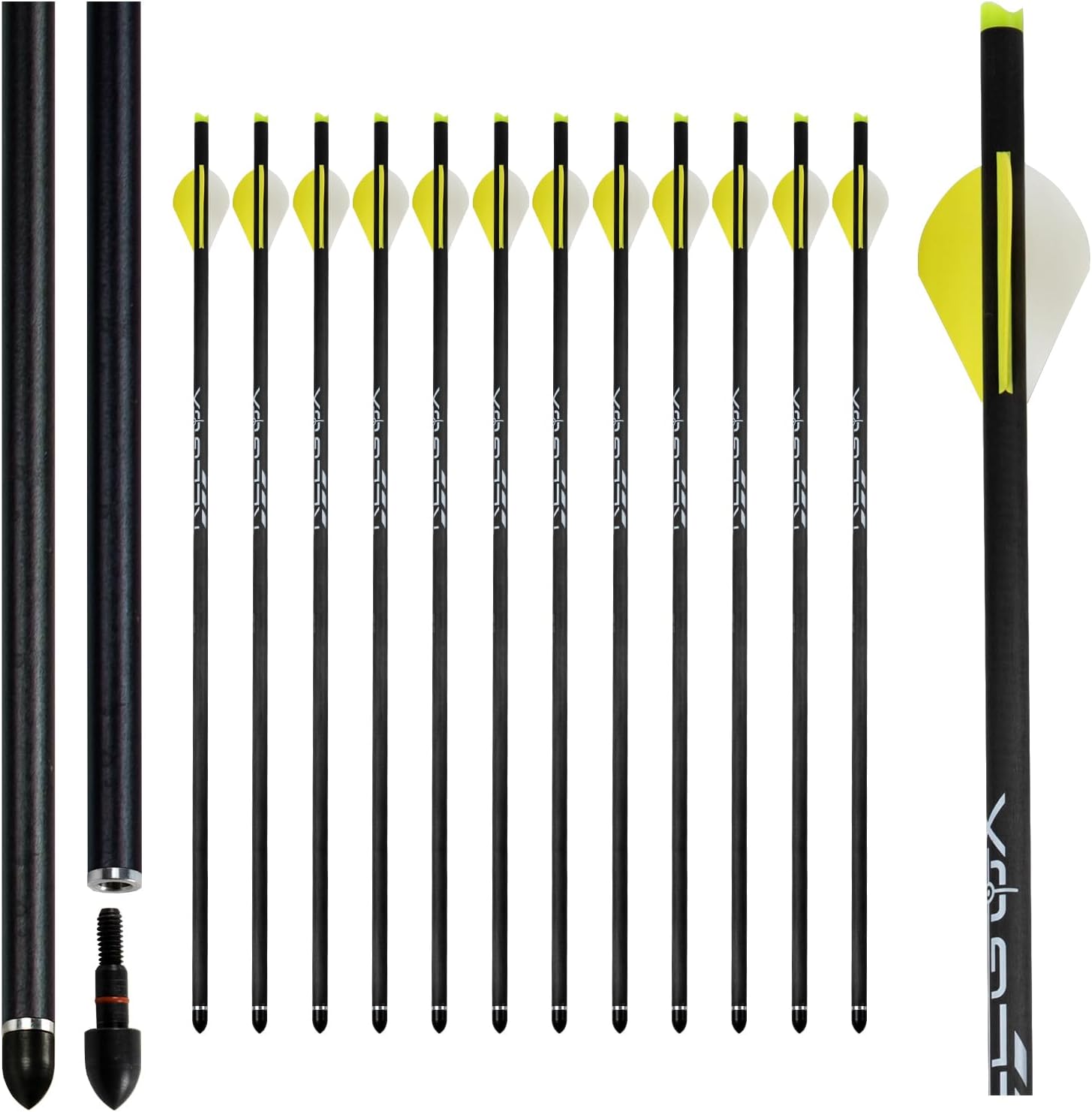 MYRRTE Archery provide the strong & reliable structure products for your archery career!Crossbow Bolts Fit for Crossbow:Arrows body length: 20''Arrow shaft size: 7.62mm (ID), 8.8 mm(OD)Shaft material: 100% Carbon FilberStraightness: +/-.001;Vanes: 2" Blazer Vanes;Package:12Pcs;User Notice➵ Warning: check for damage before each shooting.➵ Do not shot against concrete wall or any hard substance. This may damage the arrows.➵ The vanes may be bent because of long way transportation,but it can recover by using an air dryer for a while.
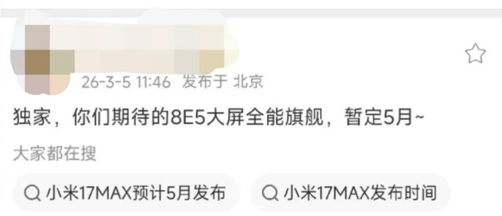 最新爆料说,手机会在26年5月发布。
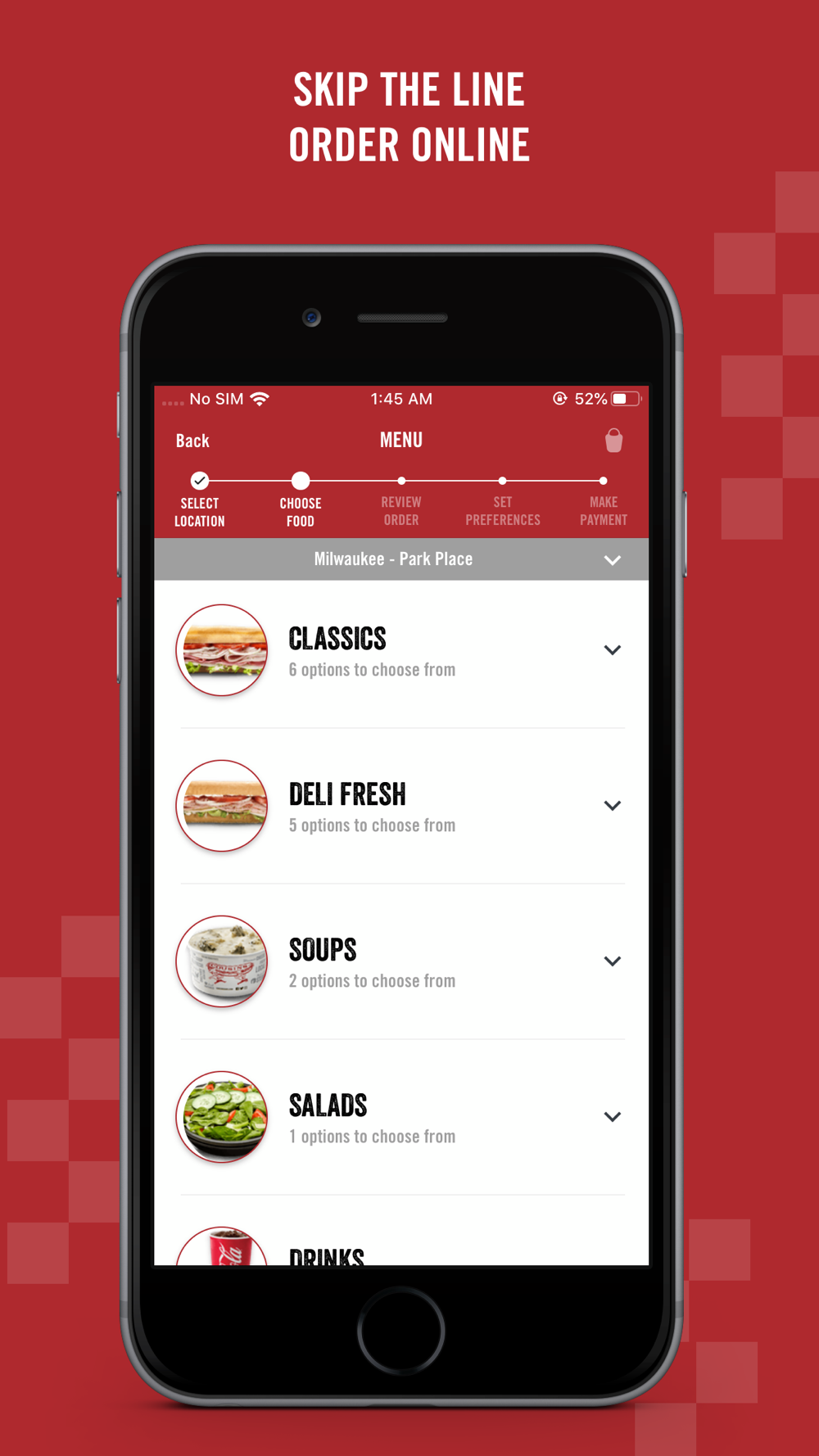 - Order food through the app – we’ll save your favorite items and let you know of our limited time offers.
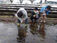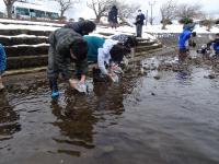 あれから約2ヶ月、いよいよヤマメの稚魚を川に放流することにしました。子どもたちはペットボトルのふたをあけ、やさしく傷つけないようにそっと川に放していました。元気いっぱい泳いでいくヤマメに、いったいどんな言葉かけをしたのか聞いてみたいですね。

========================================================================

### Task goal
Could you restate exactly the lines from the line containing "- Order food" through the end of the listing, both ends included and nothing else, leaving the images out?

### Your response
 - Order food through the app – we’ll save your favorite items and let you know of our limited time offers.
 あれから約2ヶ月、いよいよヤマメの稚魚を川に放流することにしました。子どもたちはペットボトルのふたをあけ、やさしく傷つけないようにそっと川に放していました。元気いっぱい泳いでいくヤマメに、いったいどんな言葉かけをしたのか聞いてみたいですね。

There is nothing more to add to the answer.